Understanding the Earth requires geoscientists to pull together a variety data to look for common patterns that represent an event in the rock record. One data set that is commonly used for hydrocarbon exploration in sedimentary rocks is the interpretation of log facies from wells. Log facies are generated by individual geoscientists as they manually interpret patterns of a gamma ray curve, which measures the vertical changes in radioactivity in a well. The gamma log patterns are the result of grain size changes in the rocks (i.e. mudstones are more radioactive than sandstones) and specific patterns in the gamma log can be interpreted as different events. For example, a bell shape pattern can be interpreted as a meandering river channel. After interpreting tens to hundreds of wells the geoscientist reviews all these patterns on a map to understand how the rocks were deposited (i.e. beach deposits). This map is used to predict the location of ideal reservoirs (i.e. porous rocks) that can hold hydrocarbons for Exploration companies to target.
The objective of this contest is as follows: Given an array of GR (Gamma-Ray) values, accurately predict the log facies type corresponding to each value.

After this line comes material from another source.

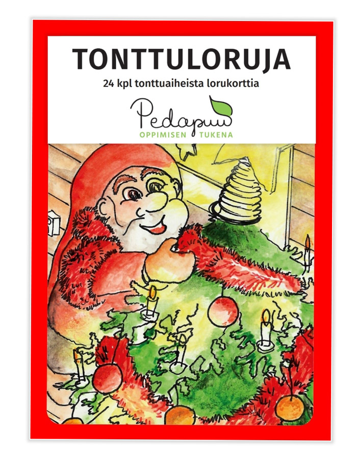 Kuvista löytyy paljon pieniä yksityiskohtia, joita on ilo tutkailla niin lasten kuin aikuistenkin. Riimimittaisten ja mukaansa tempaavien lorujen avulla pääset kurkistamaan Tonttulan joulutunnelmaan. Pakkaus sisältää minijulisteen, josta löydät kaikkien lorukorttien tontut. Kortit toimivat myös joulukalenterina. Kortteja ei ole numeroitu.
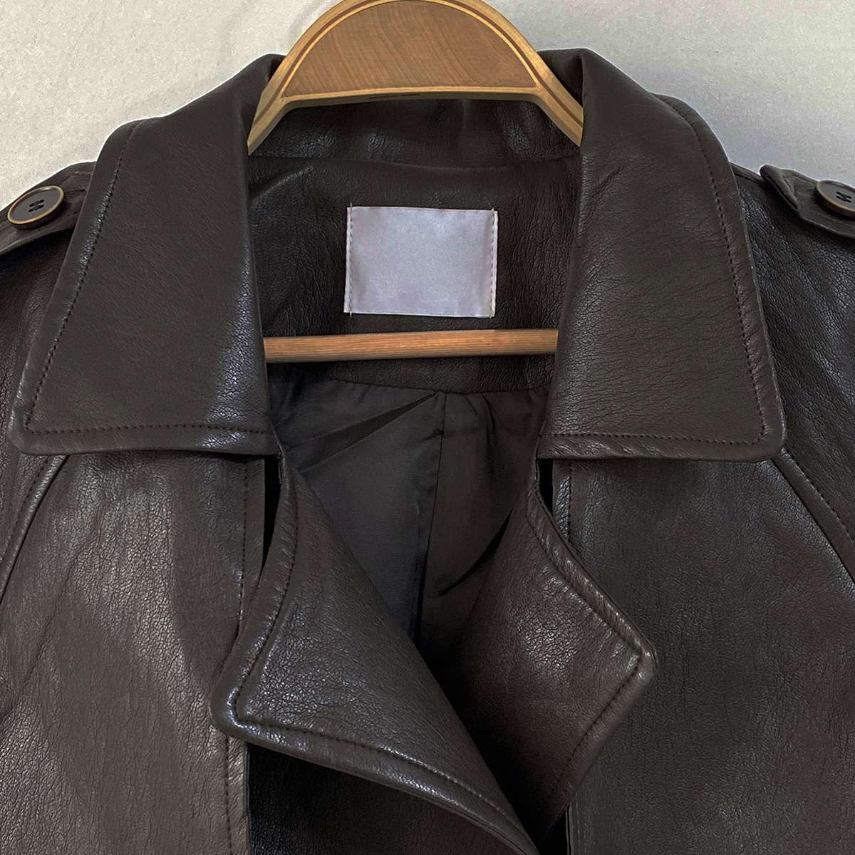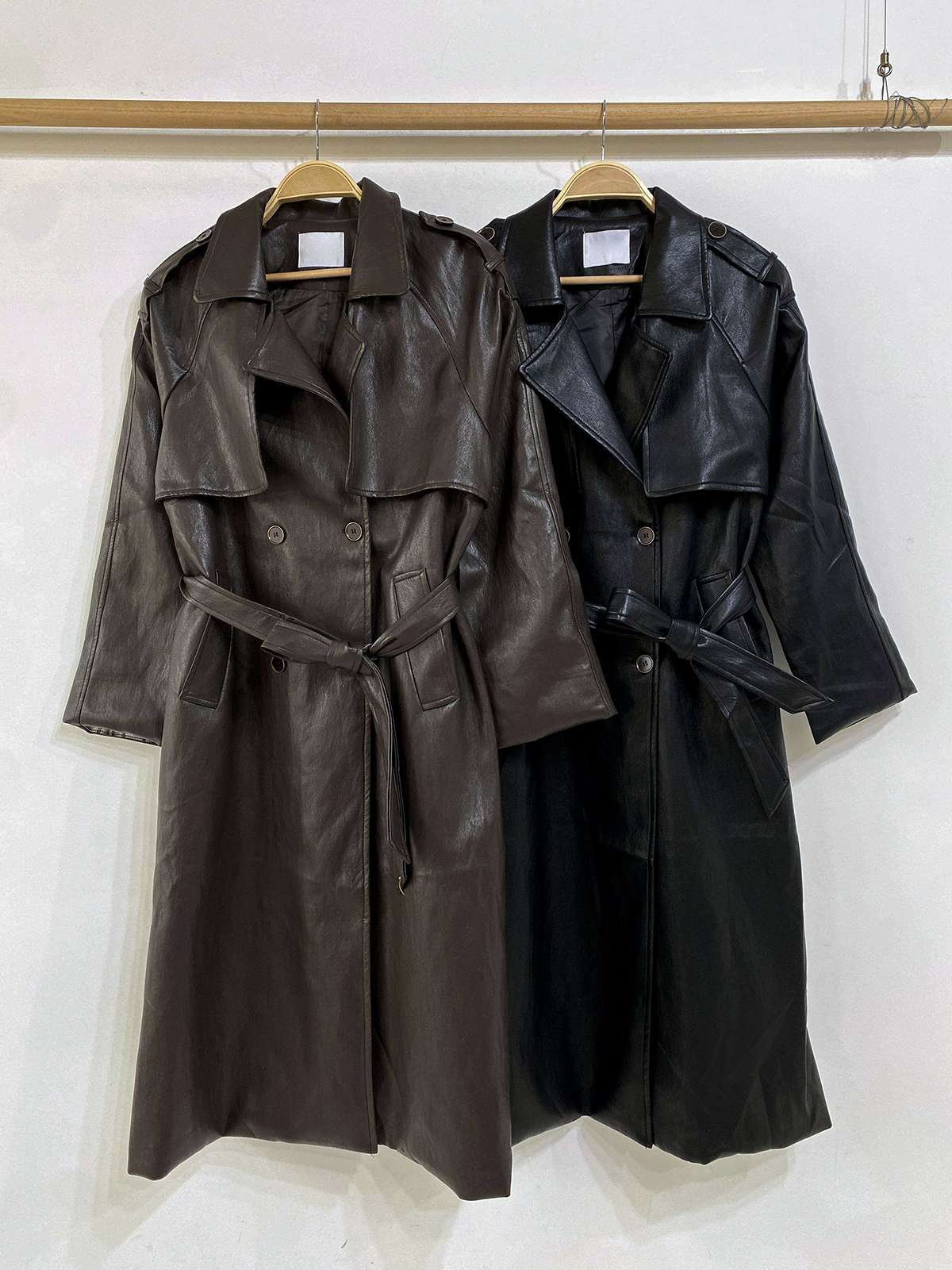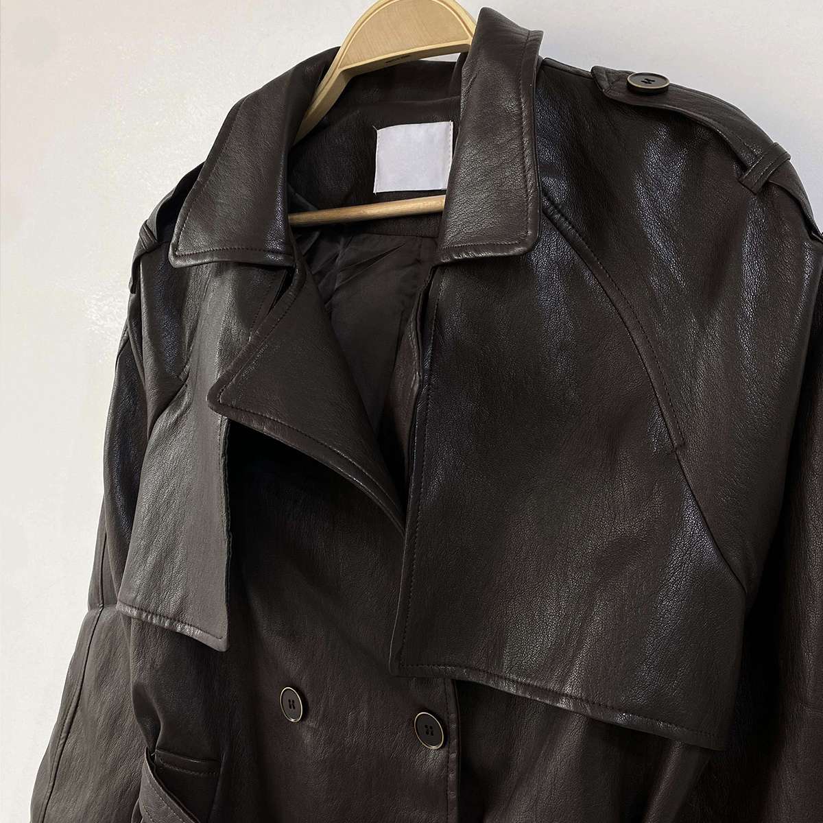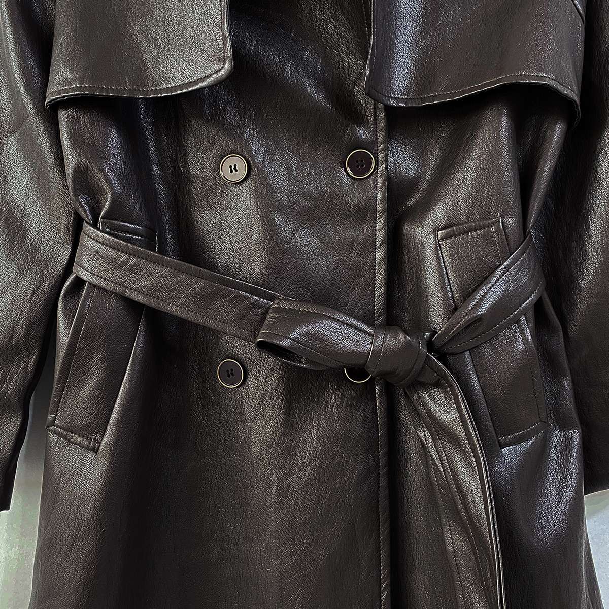 고급스러운 가죽 소재가 돋보이는 트렌치코트예요!

The data set consists of the following files:
-
Train:
-
well_id & row_id: columns uniquely identifying each row
-
GR: Gamma-Ray log values
-
label: Variable to be predicted
-
-
Test: test samples for prediction
-
Submission Format: The submission file format
-
Download raw data
-
Data cleansing and preprocessing --> Preprocessing pipeline
-
EDA
-
Feature Engineering (optional)
-
Build ML model (baseline)
-
Train and evaluate model
-
visualize and assess predictions
The Society for Sedimentary Geology (SEPM) has a more detailed description of the log facies interpretation workflow that this challenge represents and how geoscientists use this information to interpret the geologic past.